Sri Lanka’s government and PayPal officially launched the global payment platform in the country on Friday at a Galle Face Hotel event, ending more than a decade of stalled discussions and reaching what state media first signalled a week earlier when Sri Lanka Rupavahini Corporation reported that services would begin from May 15.
Sources familiar with the matter told Newswire that PayPal officials visited Sri Lanka last month for discussions with local stakeholders on the rollout. The reported move has drawn heavy attention from freelancers, digital entrepreneurs and online businesses, who have long called for full PayPal access on par with regional peers.

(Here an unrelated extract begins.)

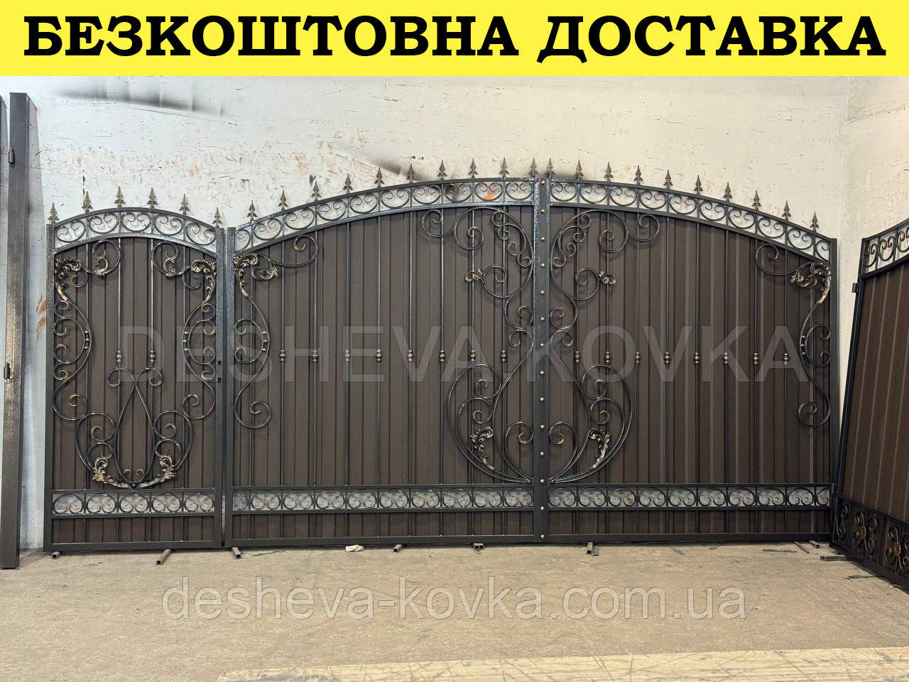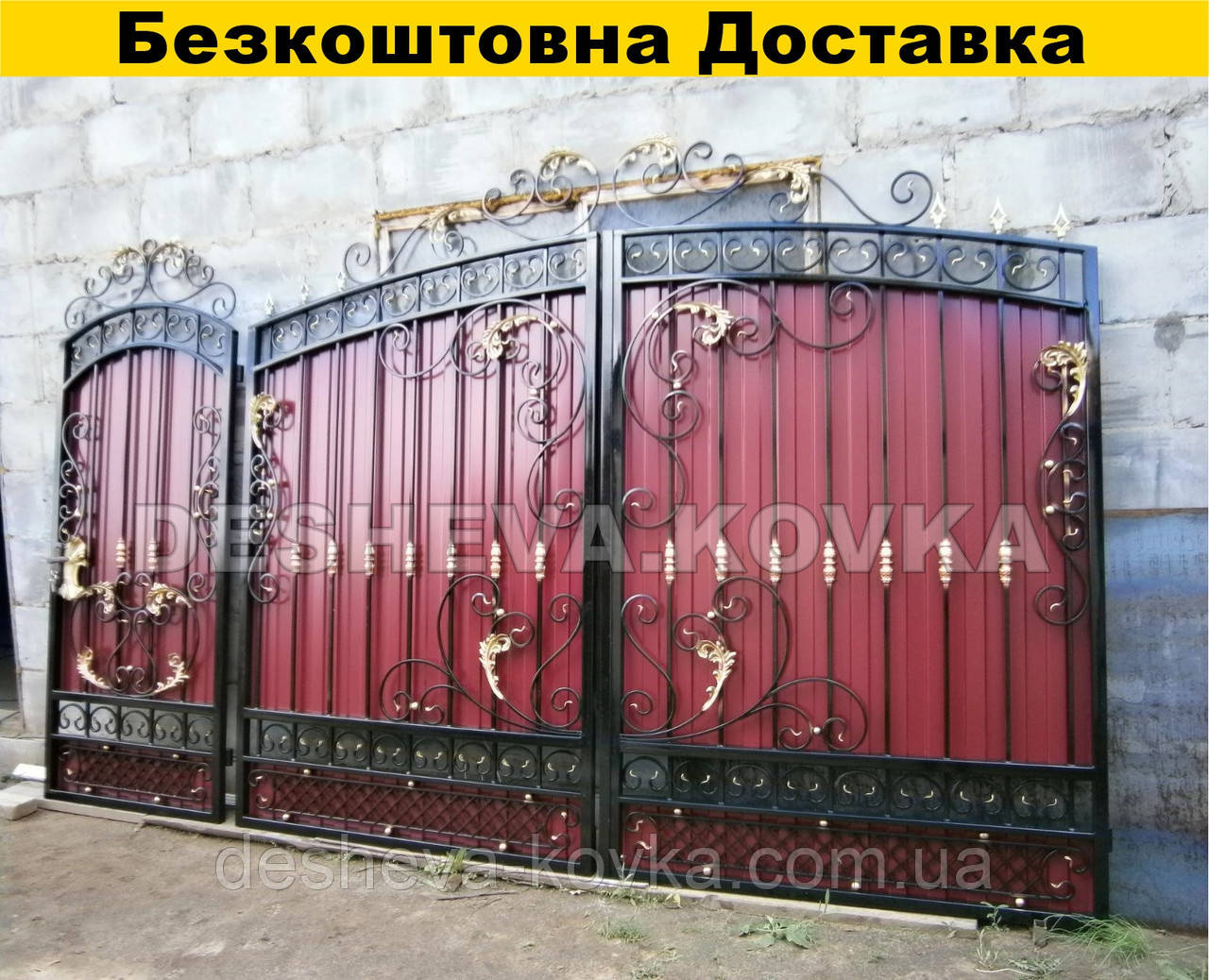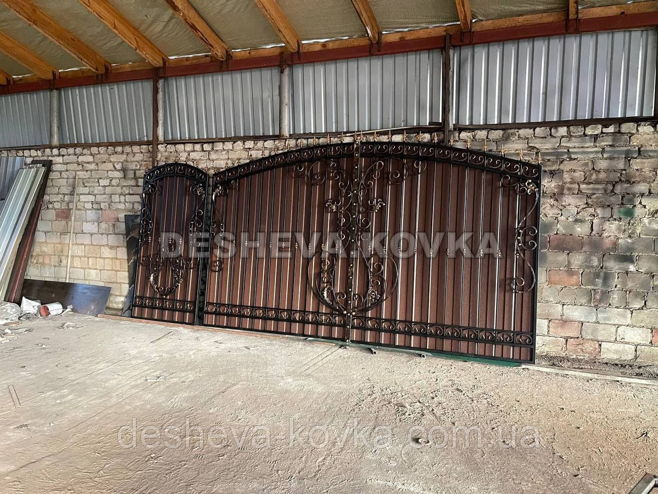 Ворота из профнастила из элитной ковкой Код: А-01174

While Sri Lankans have for years been able to make outbound payments through PayPal, receiving international payments directly into local bank accounts has remained restricted. A full launch would for the first time allow merchants and individual workers to draw foreign-currency earnings into rupee accounts via the platform — a long-standing gap for the country’s growing freelance and IT-enabled services sector.
In a statement released later on Thursday and reported by NewsFirst, the Ministry of Digital Economy said preliminary work and technical discussions to introduce PayPal services in Sri Lanka are “proceeding at a very successful level” under the government’s programme to position Sri Lanka as a leading hub on the global digital map. The Ministry said the service would empower freelancers, remove barriers for young Sri Lankans selling services in the global market, and channel digital export earnings into the country, while supporting cashless transactions and innovation in the financial technology sector. The Ministry did not confirm the May 15 timing.
PayPal itself, the Central Bank of Sri Lanka and Cabinet have not separately announced a launch date or commercial terms. Past PayPal-Sri Lanka launch reports have come and gone without delivery, so the absence of corporate or regulatory confirmation of an exact rollout date remains a notable caveat.
If the launch proceeds, it would mark one of the most significant changes to Sri Lanka’s cross-border retail payment landscape since LankaQR’s interoperable rollout. The Central Bank has been pushing digital payment adoption as part of a broader push to draw remittance and freelance earnings through formal channels, and the easing rupee outlook in recent weeks has reopened space for inbound foreign-exchange platforms.
PayPal moved closer to a Friday launch on Thursday by listing three local financial institutions under a newly added “Partner Banks in Sri Lanka” section on its website, Newswire reported. The page names Sampath Bank, Commercial Bank of Ceylon and Bank of Ceylon, with users able to either create a new PayPal account or link an existing account to their bank to receive and withdraw funds.
The launch was formally announced on Friday at a Galle Face Hotel event attended by Prime Minister Dr. Harini Amarasuriya, with services rolling out initially through Bank of Ceylon, Commercial Bank of Ceylon and Sampath Bank, Daily FT reported. Additional banks are expected to join the platform in the coming months. The President’s Office said it had engaged directly with PayPal representatives in India to deliver the launch, ending more than a decade of stalled discussions.
Digital Economy Deputy Minister Eng. Eranga Weeraratne said Sri Lanka’s digital exports currently amount to around US$1.5 billion, with a substantial shadow industry having developed because of difficulties receiving international payments through formal channels. Central Bank Governor Nandalal Weerasinghe said the platform would encourage foreign exchange inflows through regulated financial systems and strengthen Sri Lanka’s integration into global digital and knowledge-based markets. The banking sector welcomed the move, framing PayPal as a boost for digital workers and formal foreign-exchange inflows.